Como tal, están buscando formas de vender no solo la inteligencia artificial, sino las soluciones de seguridad para ella. Por ejemplo, en un mundo en el que la confianza no puede verificarse de forma digital, los desarrolladores de inteligencia artificial de Microsoft y otras empresas están pensando si puede haber un método para crear versiones más avanzadas de “secretos compartidos” (o cosas que solo tú y otra persona cercana pueden conocer) digitalmente y a escala.
Eso suena un poco a resolver el problema de la tecnología con más tecnología. De hecho, la mejor solución al dilema de la IA en la medida en que exista una, puede ser analógica.

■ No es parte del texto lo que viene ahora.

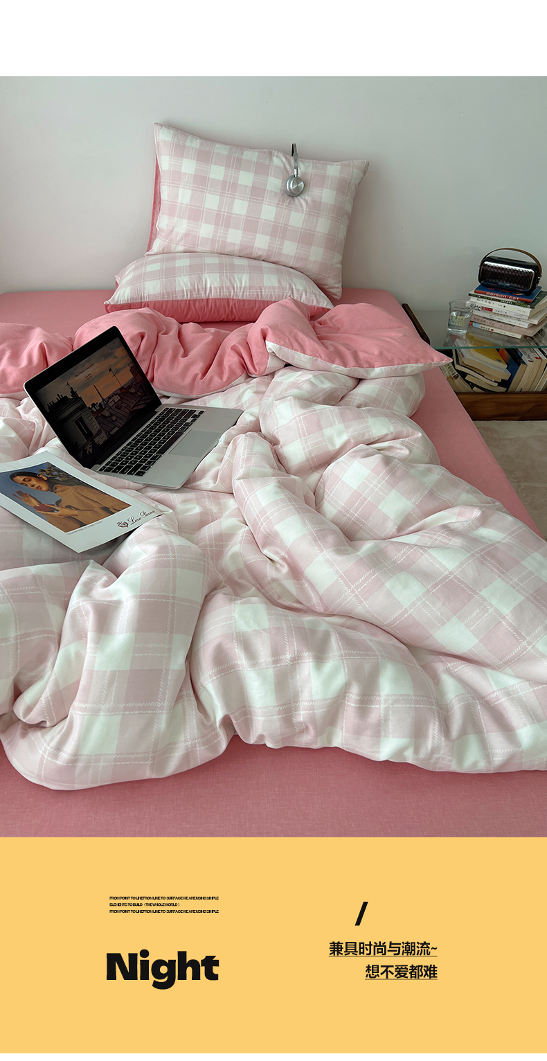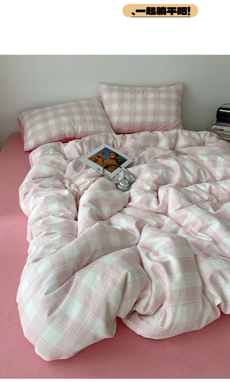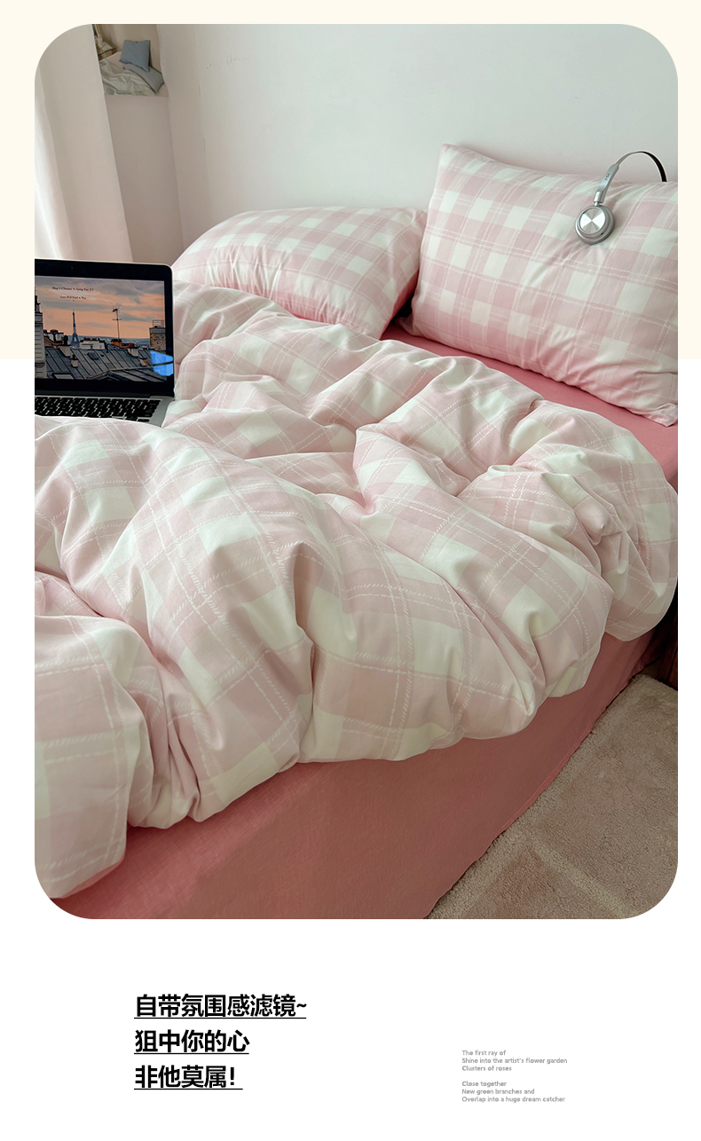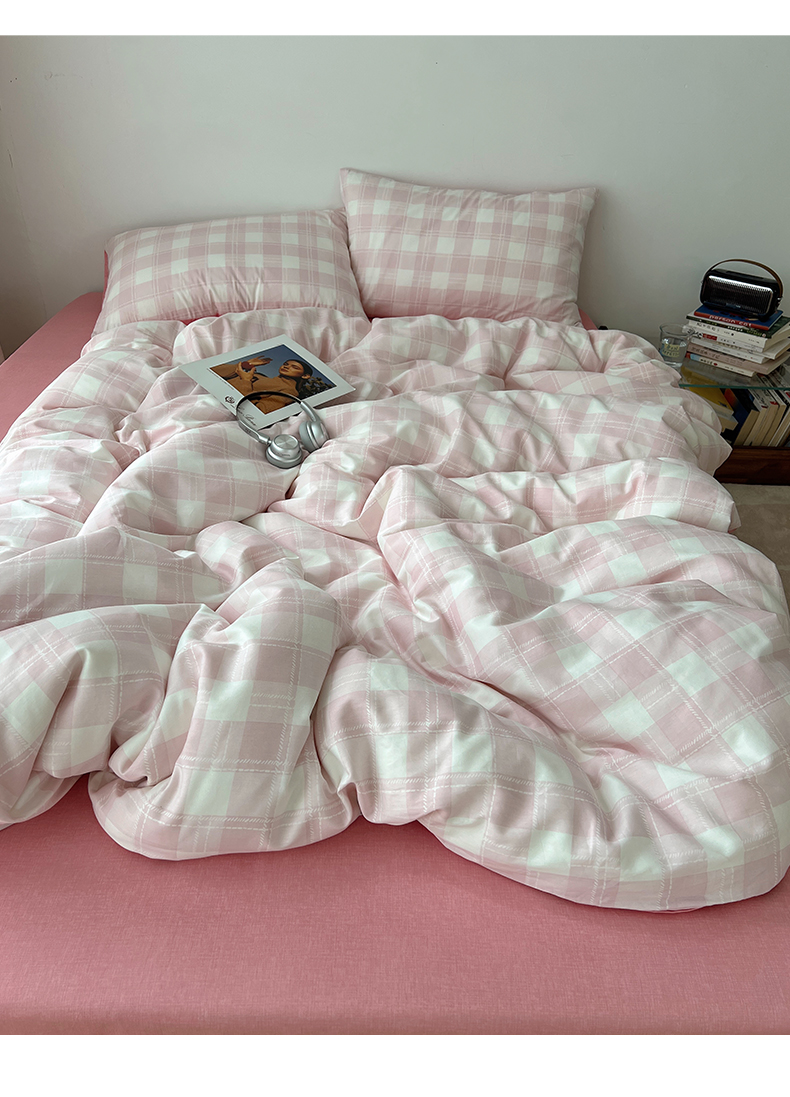 当前位置: 91家纺网 > 商品网购 > 床品套件 > 四件套 > 全棉普通四件套 > 雅居纺家纺 2025春夏新款全棉纯棉印花四件套 粉大格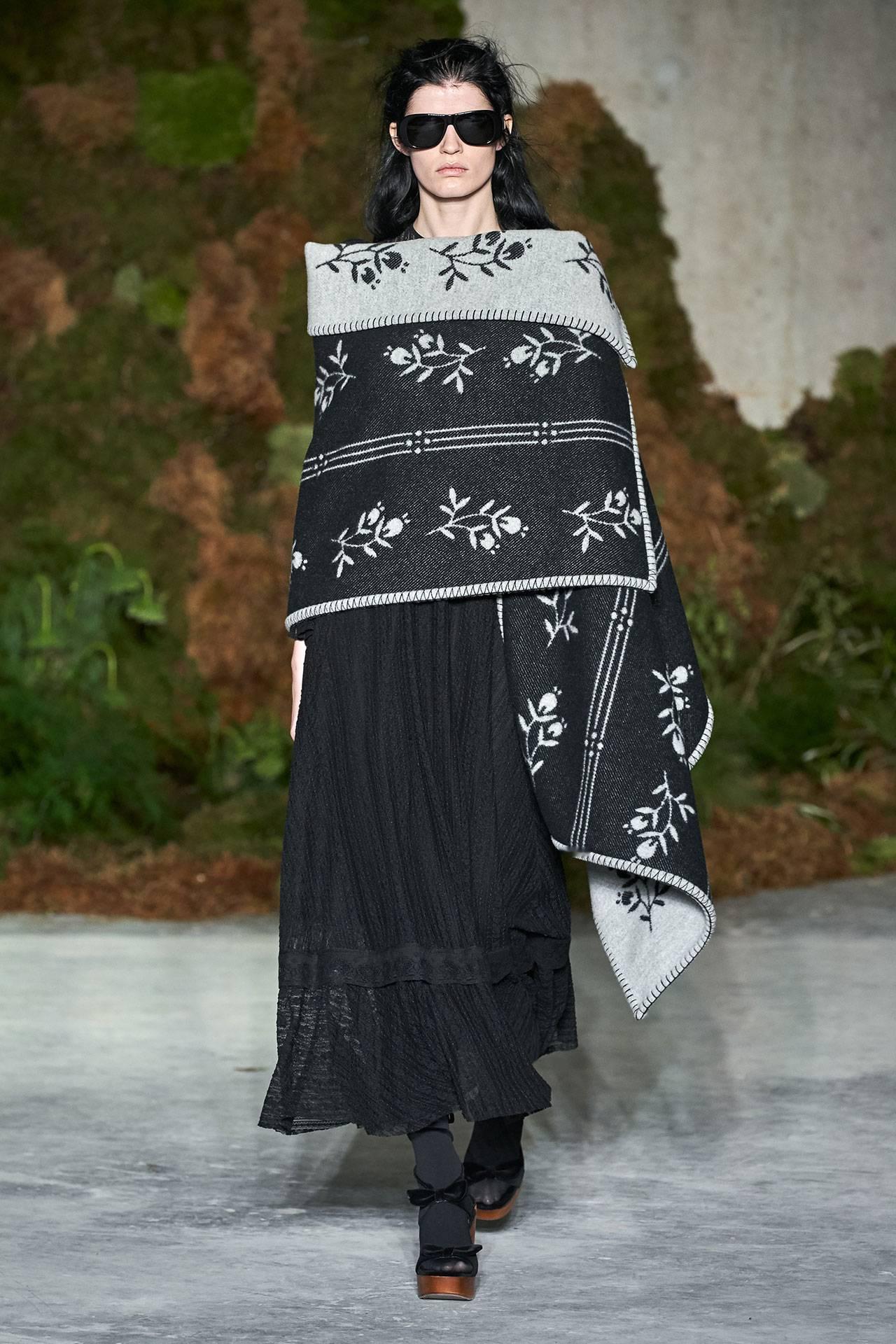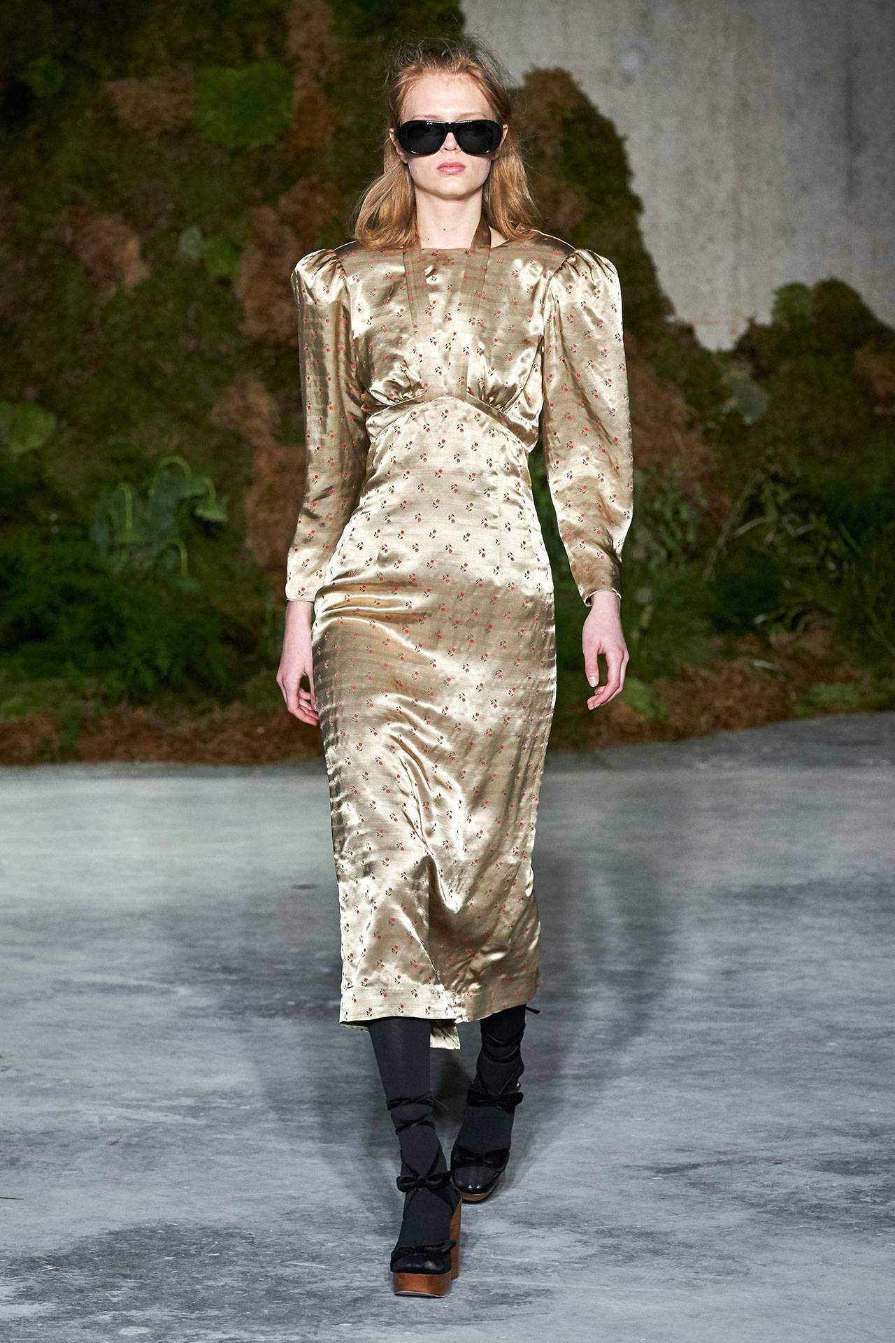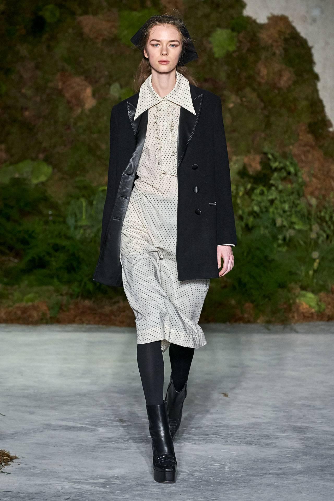 Alexa Chung的2019秋冬系列,是我心中被低估的经典之一。那年伦敦时装周,她在地下空间里种下红木和苔藓,让鸟鸣代替音乐。然后走出来一群看似狼狈却眼神坚定的女孩。她们穿着粮袋做的荷叶边上衣、反光的漆皮风衣。这场秀不叫“毁灭”,叫“准备回归”。如果你正经历低谷,想想这群女孩——你也可以。

“Lo que necesitamos es un marco para una vigilancia más prudente”, dice Allen, citando el informe de la Comisión Presidencial sobre Bioética de 2010. Creó directrices para una experimentación responsable, lo que permitió un desarrollo tecnológico más seguro.
Por ahora, en lugar de prohibir la inteligencia artificial o de tener algún método perfecto de regulación, podemos empezar por obligar a las compañías a revelar qué experimentos están haciendo, qué ha funcionado, qué no y dónde pueden estar surgiendo consecuencias imprevistas. La transparencia es el primer paso para garantizar que la IA no le saque ventaja a sus creadores.